Vice President of the Academy of Military Sciences
- In office December 2011 – —

Vice President of the National Defense University
- In office — – December 2011

Personal details
- Born: October 1950 (age 75) Nantong, Jiangsu, China
- Alma mater: National Defense University; Nantong Middle School
- Occupation: Military officer

Military service
- Rank: Lieutenant General

= Ren Haiquan =

Chinese politician

Ren Haiquan (任海泉; born October 1950) is a Chinese military officer and lieutenant general of the People's Liberation Army. He served as vice president of the People's Liberation Army National Defense University and later as vice president of the Academy of Military Sciences. Ren is a member of the 12th National Committee of the Chinese People's Political Consultative Conference. He has authored several works on military command, political thought, and strategic studies, and has published numerous articles in the fields of military science and political theory.

== Biography ==
Ren Haiquan was born in Nantong, Jiangsu Province, in October 1950. He enlisted in the People's Liberation Army in March 1968 and joined the Chinese Communist Party in April 1969. After completing his secondary education at Nantong Middle School, he later graduated from the strategic program of the People's Liberation Army National Defense University. Ren later joined the National Defense University, where he served successively as director of a teaching and research department, provost, and vice president. He also headed the leading group of the Research Center for the Theoretical System of Socialism with Chinese Characteristics. In December 2011, he was appointed vice president of the Academy of Military Sciences.

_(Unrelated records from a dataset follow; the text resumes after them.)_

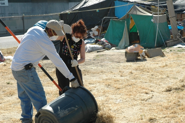 Homeless Clean-up their Encampment with the help from the National Network in Action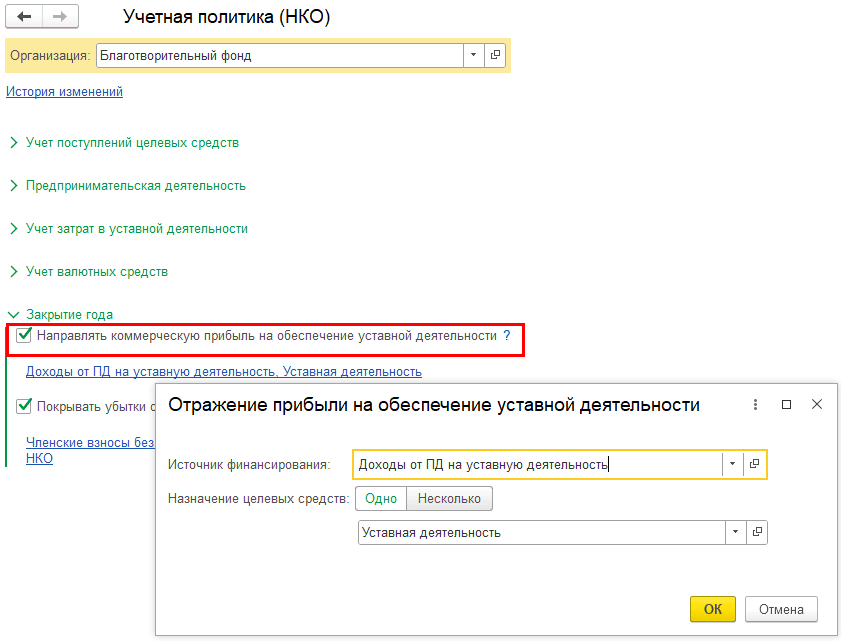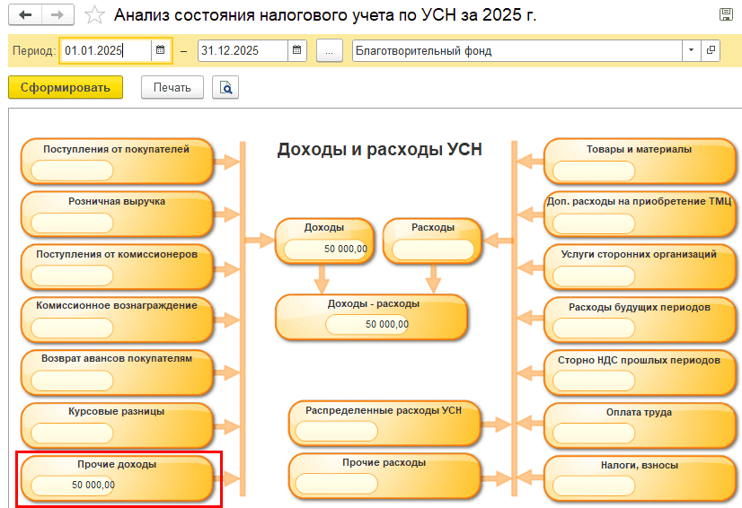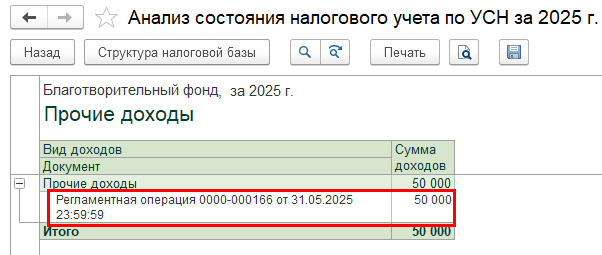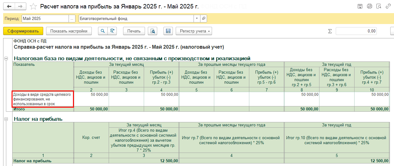 В результате сумма целевых средств, не использованных в установленный срок и не возвращенных донору, включается во внереализационные доходы организации. Программа автоматически формирует необходимые проводки при закрытии месяца, рассчитывает налог в зависимости от применяемой системы налогообложения и отражает данные в регламентированной отчетности.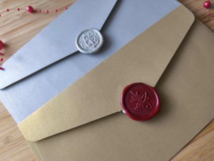 Luxusní DL obálky z metalického papíru ve zlaté a stříbrné barvě, zdobené ruční voskovou pečetí s vánočním motivem. Elegantní způsob, jak darovat přání nebo poukaz.
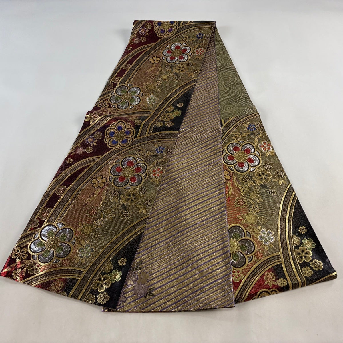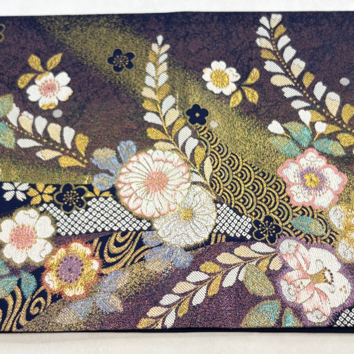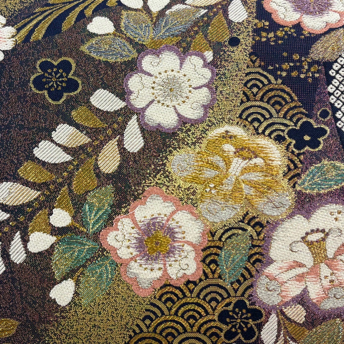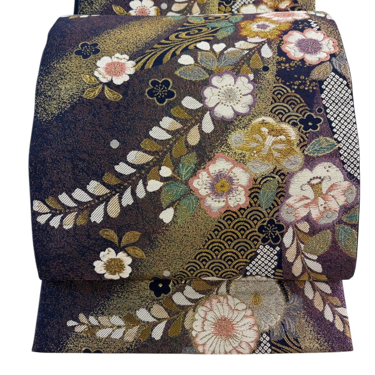 【美品】 袋帯 秀品 振袖向き 梅 波 箔 唐織 焦茶色 六通 正絹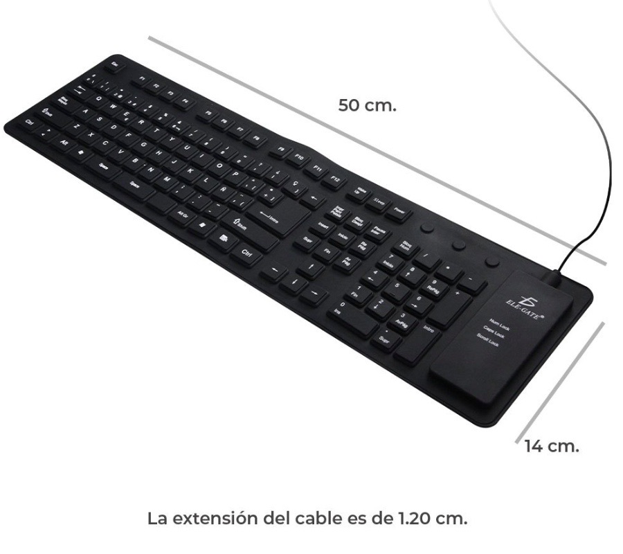 Teclado Alámbrico Flexible USB ELE-GATE WIN MAC OS - Antiderrames, Negro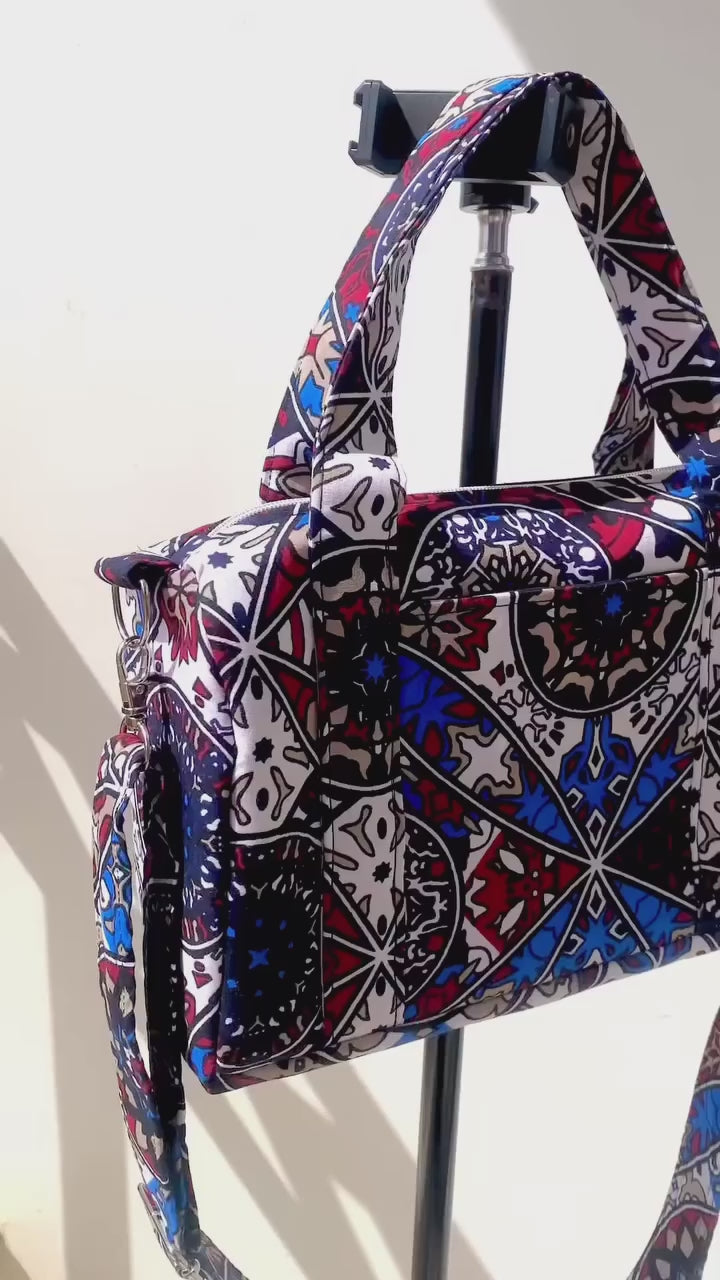 This mini duffel bag is the perfect grab-and-go accessory for all your adventures. Made with 100% cotton, it's both durable and stylish. Its unique design is sure to stand out and make a statement. Take it with you on your next journey and experience the convenience and style it offers!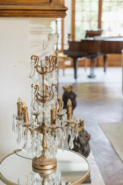 The grand entrance is a breathtaking introduction to the château, featuring a striking 10-foot crystal chandelier cascading from the second-floor balcony. This space is ideal for welcome drinks or can be transformed into an elegant setting for entertaining.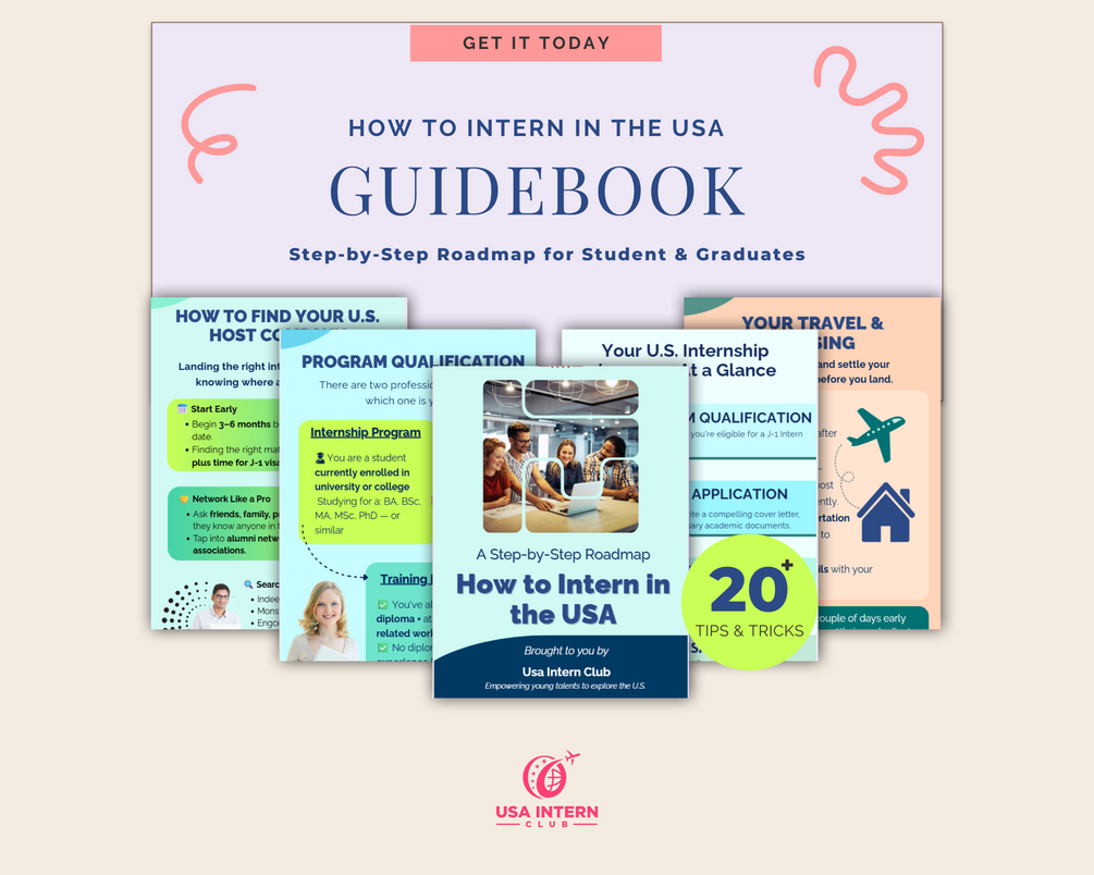 Remember: This guide is for general education for anyone on the globe. If you’re from Europe and want full support with placement + visa prep, you may qualify for USA Intern Club’s full program (details inside the PDF).

Ren has written extensively on military command and political theory, and several of his courses have been designated as national- and PLA-level exemplary courses. His representative works include Military Command Studies and A Comparative Study of Chinese and Western Political Thought. Ren was promoted to major general in July 2000 and to lieutenant general in July 2010. He was a member of the 12th National Committee of the Chinese People's Political Consultative Conference. In 2012, he led the Chinese delegation to the 11th Shangri-La Dialogue, where he articulated China's position on issues including the South China Sea.